The solver uses JAX for hardware acceleration and automatic differentiation. It transforms boolean satisfiability constraints into continuous functions that can be minimized using gradient-based methods.

Solver Algorithms

FFSAT supports multiple optimization backends (default: pgd):

• pgd: Projected Gradient Descent with box constraints (JAXOPT)
• lbfgsb: Limited-memory BFGS with bounds (JAXOPT)
• josp-lbfgsb: JAXOPT's Scipy-wrapped L-BFGS-B
• sp-lbfgsb: Pure Scipy L-BFGS-B (CPU-based, useful for comparison)

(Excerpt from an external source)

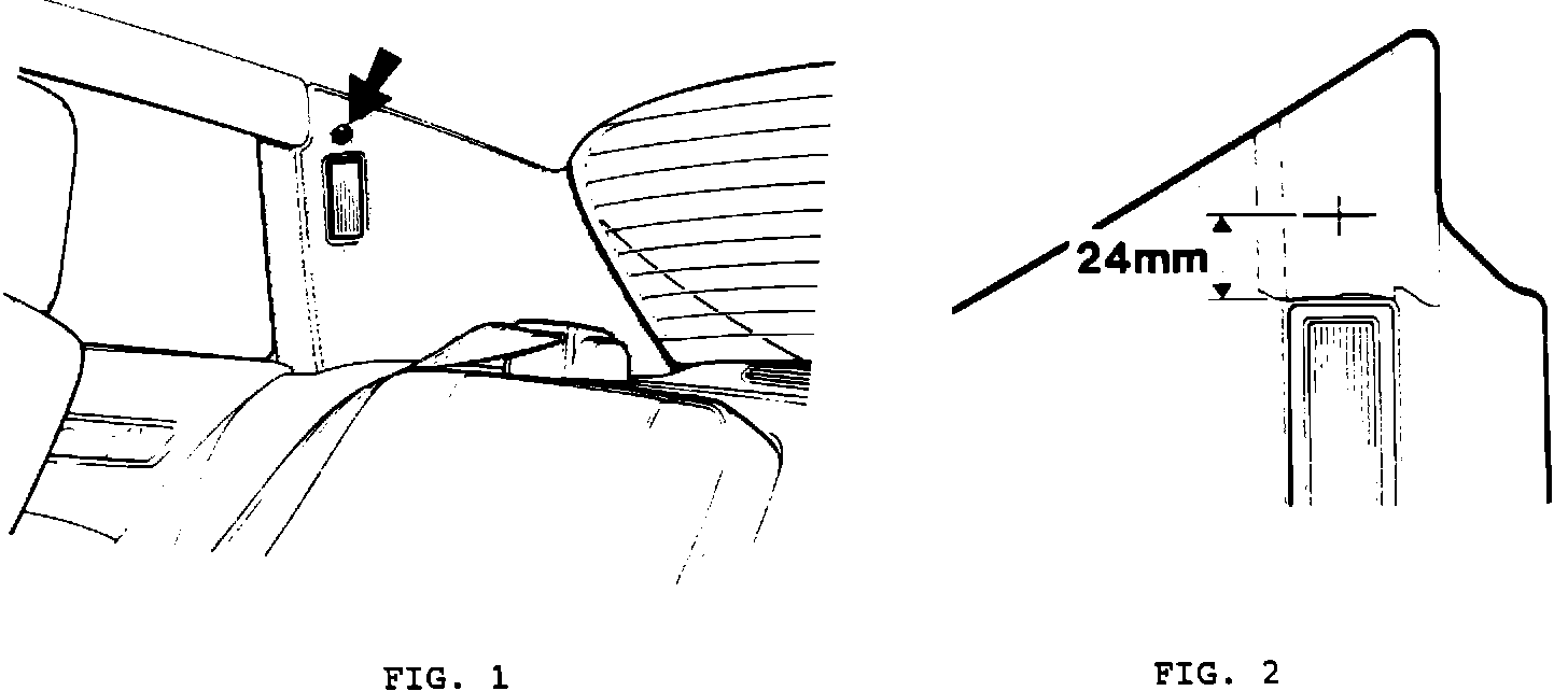^ Apply masking tape to the surface of the right and left hand side trim pads, as indicated in Fig. 2. Using a steel ruler and a pencil, mark out (on the tape) the location of the "push-in" button.

Note: The solver algorithm is currently hardcoded in the source. Support for command-line selection may be added in future versions.

License

Dual-licensed under:

• Apache License 2.0 (Apache-2.0)
• GNU General Public License v2.0 or later (GPL-2.0-or-later)

You may choose either license when using, modifying, or redistributing this project.

Source files use the combined SPDX expression:

SPDX-License-Identifier: Apache-2.0 OR GPL-2.0-or-later

License texts: see LICENSE-APACHE (Apache 2.0) and LICENSE (GPL v2).

Contributions are accepted under the same dual-license terms.

Citations and Related Work

This work builds upon the following research:

[1] Kyrillidis, A., Shrivastava, A., Vardi, M. Y., & Zhang, Z. (2021). Solving hybrid Boolean constraints in continuous space via multilinear Fourier expansions. Artificial Intelligence, 299, 103559.

[2] Cen, Y., Zhang, Z., & Fong, X. (2025). Massively Parallel Continuous Local Search for Hybrid SAT Solving on GPUs. Proceedings of the AAAI Conference on Artificial Intelligence, 39(11), 11140-11149.